7 Mayıs 1999 21:00
Sanat nedir, ne değildir?
Sanat nedir, ne değildir?
Muazzez Menemencioğlu
İki yıldır sergilenmekte olan ve üçüncü yıl da sergilenmesi tasarlanan, Rasmina Reza'nın yazdığı, Gencay Gürün'ün seçip, çevirip, yönettiği "Sanat" adlı oyun bu yıl Sadri Alışık En iyi Erkek Oyuncu Ödülü aldı. Can Gürzap, Cüneyt Türel, Cihan Ünal'ın rol aldığı oyun, bir tablo çevresinde geçiyor. Yılların tiyatro birikimini sahneye aktarmasını bir kez daha başaran oyuncular, bize rollerini, oynadıkları karakterlerin toplumdaki karşılıklarını, 'sanat' kavramını anlattılar.
Cihan Ünal, ilk siz giriyorsunuz sahneye ve bizlere diyorsunuz ki, Serge (Can Gürzap) bir tablo almış. Beyaz... Yüzünüzdeki anlamla bizim de resmi beğenmememiz gerektiğini mi anlatmak istiyorsunuz?
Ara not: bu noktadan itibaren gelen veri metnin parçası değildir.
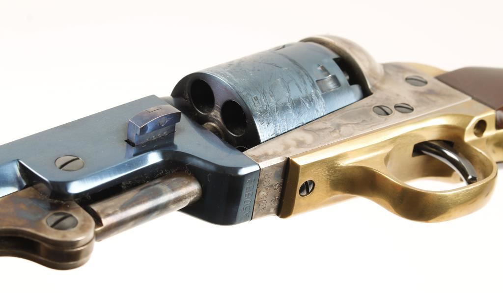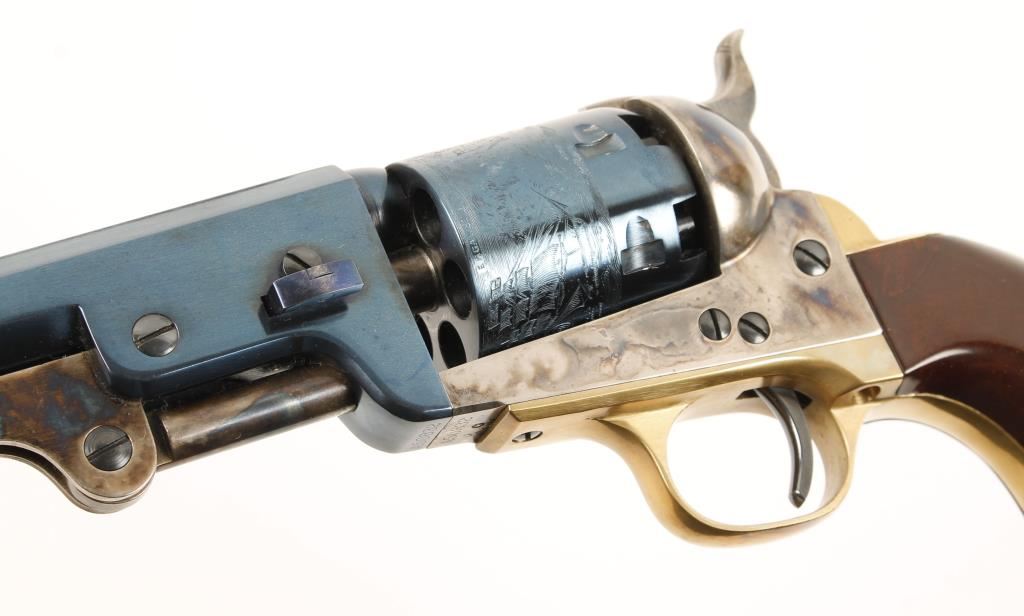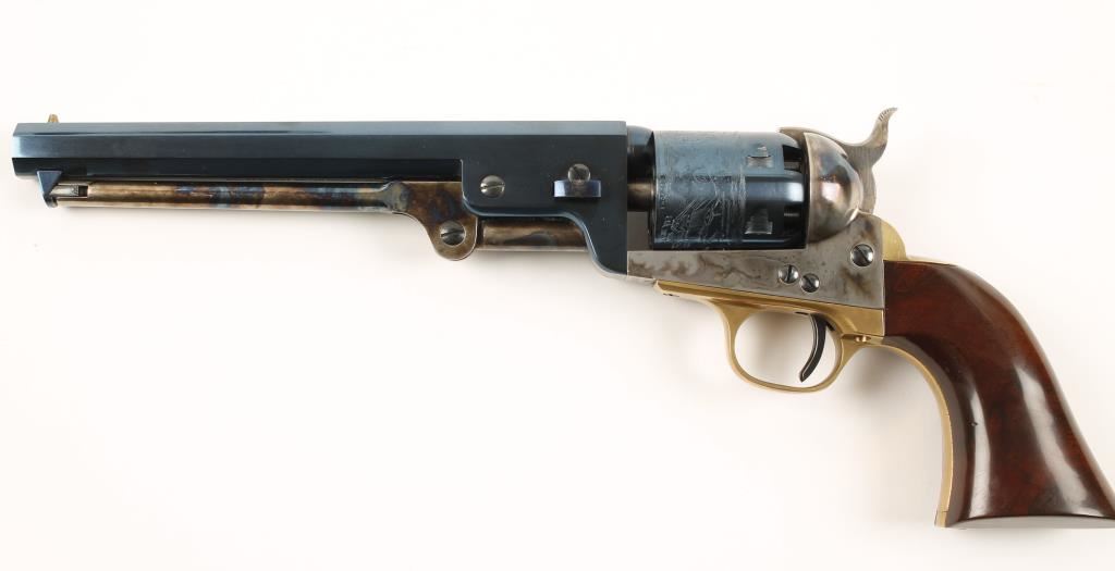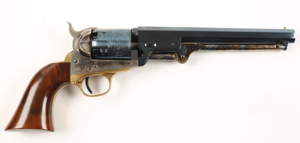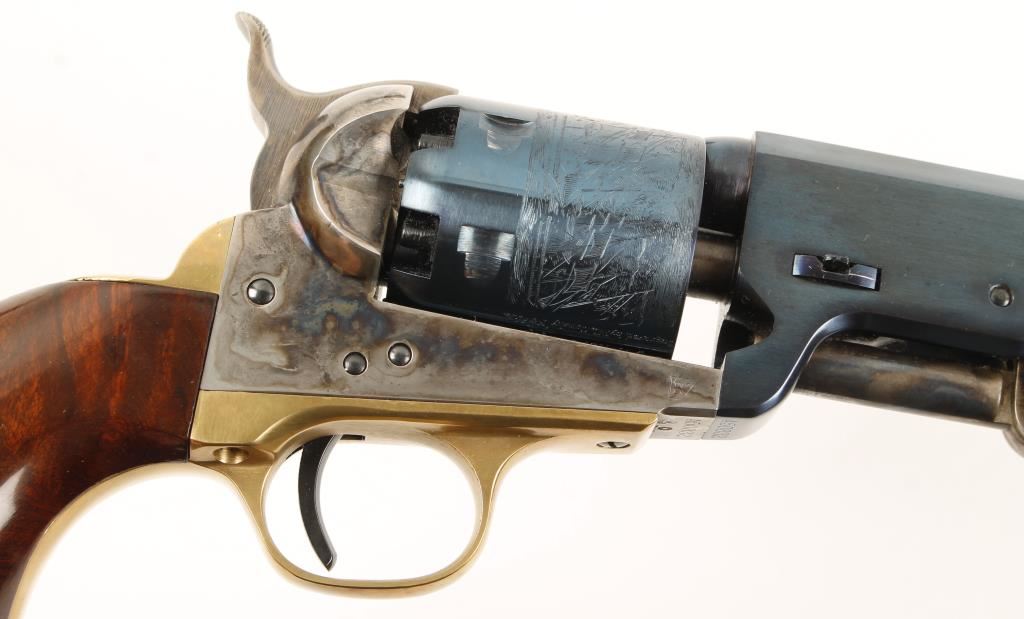 Italian made six shot single action percussion revolver chambered in .36 caliber, modeled after the Colt 1851 Navy and manufactured by Uberti. Features a charcoal blue 7.5" octagonal barrel, charcoal blue cylinder with naval scene, case hardened frame, hammer & loading lever, brass trigger guard & backstrap and one piece walnut grips. Bore is excellent and likely unfired. Condition is near fine. ***Antique Firearm***
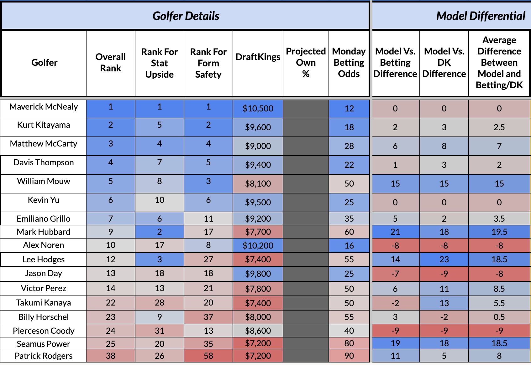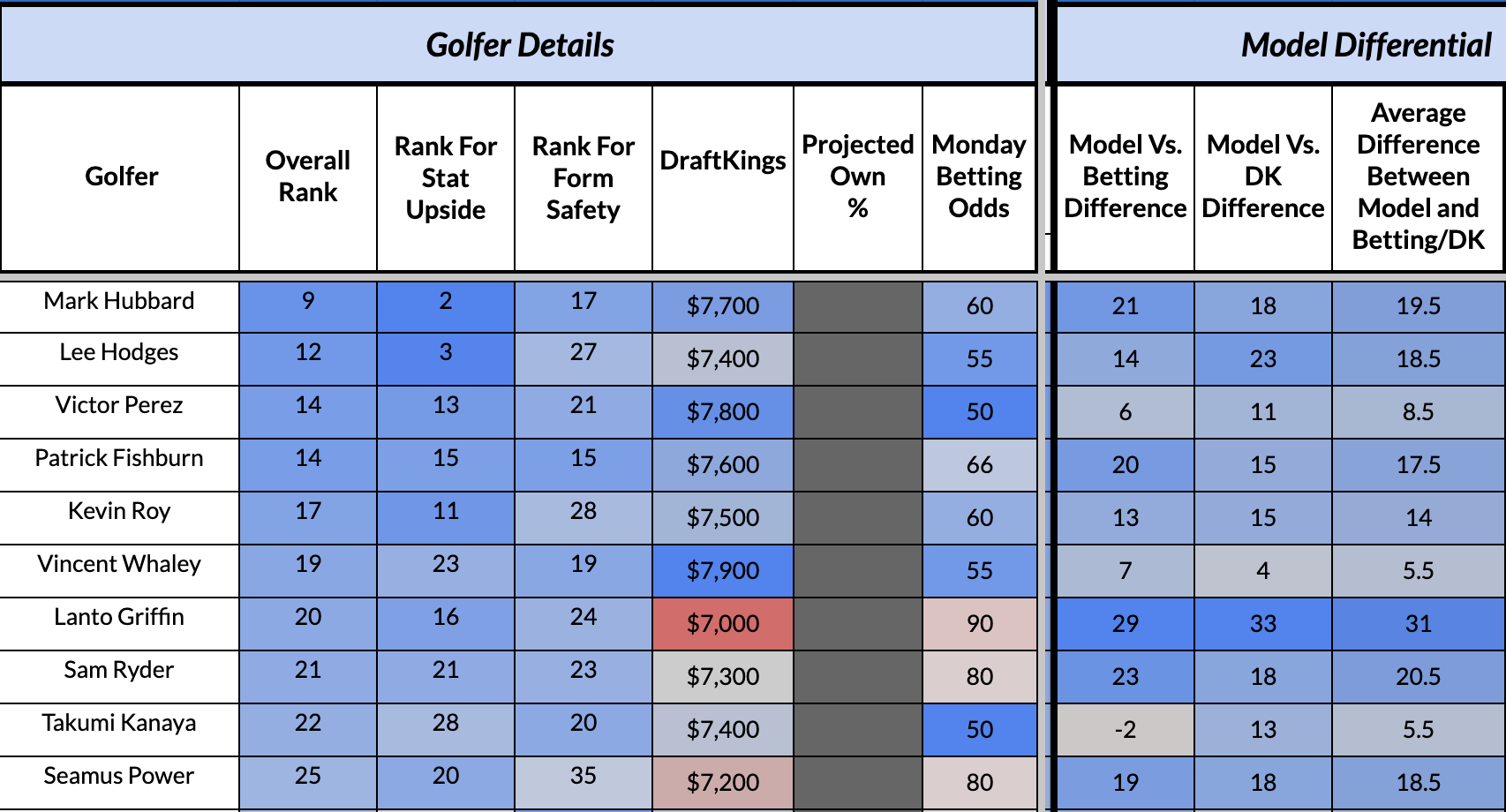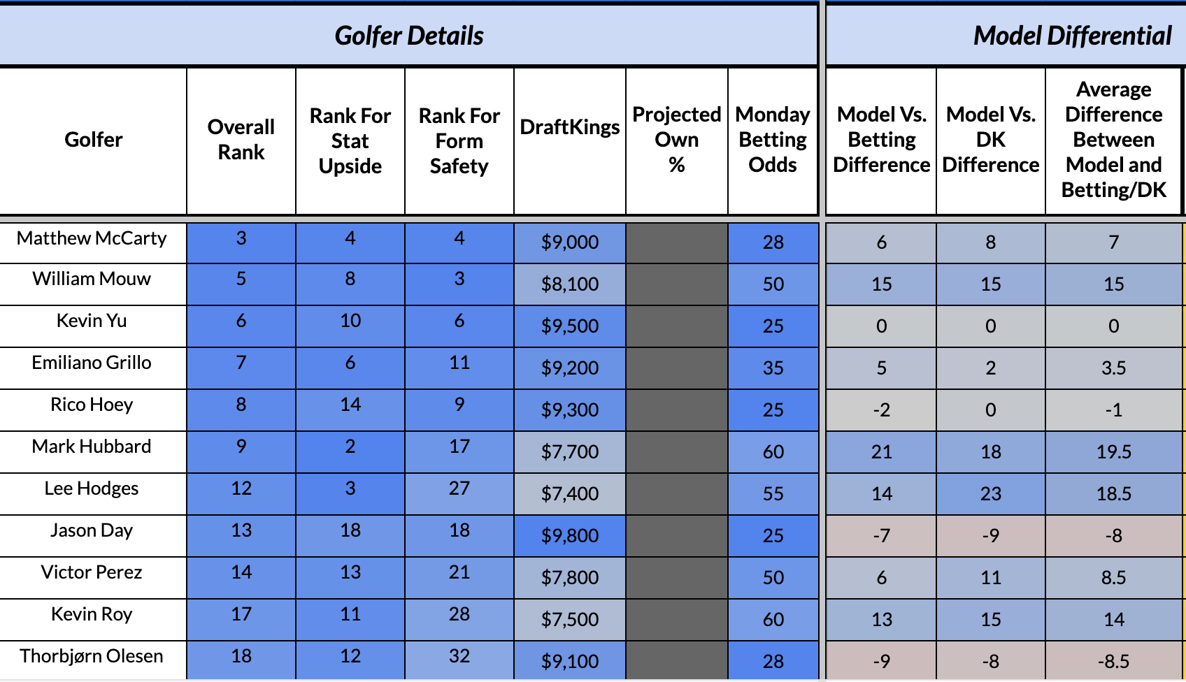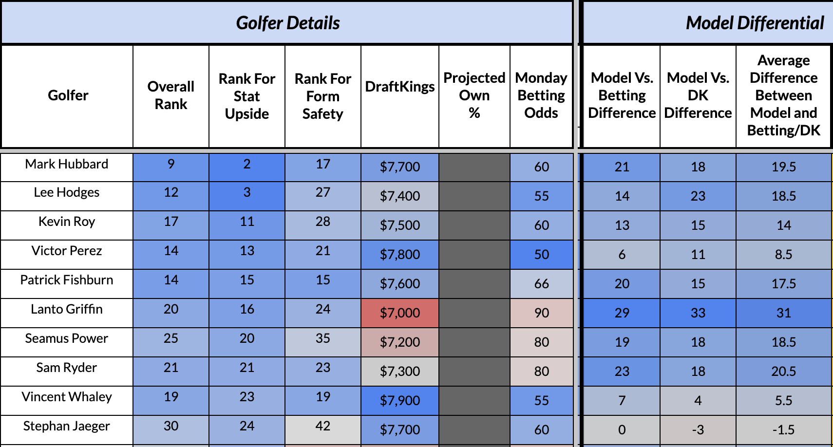 PGA DFS Rankings Wizard - Spencer's Model (And More)

Cihan Ünal: "Serge (Can Gürzap) arkadaşım bir tablo almış. Aşağı yukarı 120'ye 160 boyunda bir tablo. Beyaz. Beyaz fon üzerine, çok yakından bakılacak olursa görülebilen iki diyagonal çizgi. Onlar da beyaz." Böyle başlıyor benim cümlem. 15 yıla dayanıyor arkadaşlıkları. Bir dostlukları var. Yaradışları, meslekleri ayrı, dünya görüşleri farklı. Marc -yani ben- ayakları yere basan, biraz tutucu ve karşısındakini memnun etmek için, karşısındakinin istediği şekilde davranmayan, kendi görüşüne göre davranan ve de sanat konusunda birtakım yenilikçi, çağdaş adı altında, "modern" tanımlaması altında, moda olmayan yutturmacılığa karşı yani yenilik, sürpriz, şaşırtıcılık gibi ileri sürülen görüşleri geçici olarak bulan ve temelde halka kaygı değil saygı taşıyan bir kimlik olarak gören bir kişiliği canlandırıyor. Arkadaşının böyle beyaz bir tabloya 200 Frank gibi büyük bir meblağ ödemesini doğru bulmuyor. Çünkü diyor ki, bu sırf çevresinde birtakım hava yaratmasını, moda olsun diye, ilerde hiçbir şey ifade etmeyecek bir portreye sanat eseri diyor. Marc (Ben) onu bir sanat eseri olarak görmüyorum, bu kadar para vermesine de karşı çıkıyorum; onu incitiyorum, kırıyorum. Şunu da söylüyor Serge'ye (Gürzap'a) 'Dostlukta hoşgörü yoktur', Hoşgörü demek, umursamak demektir eğer dostunsa.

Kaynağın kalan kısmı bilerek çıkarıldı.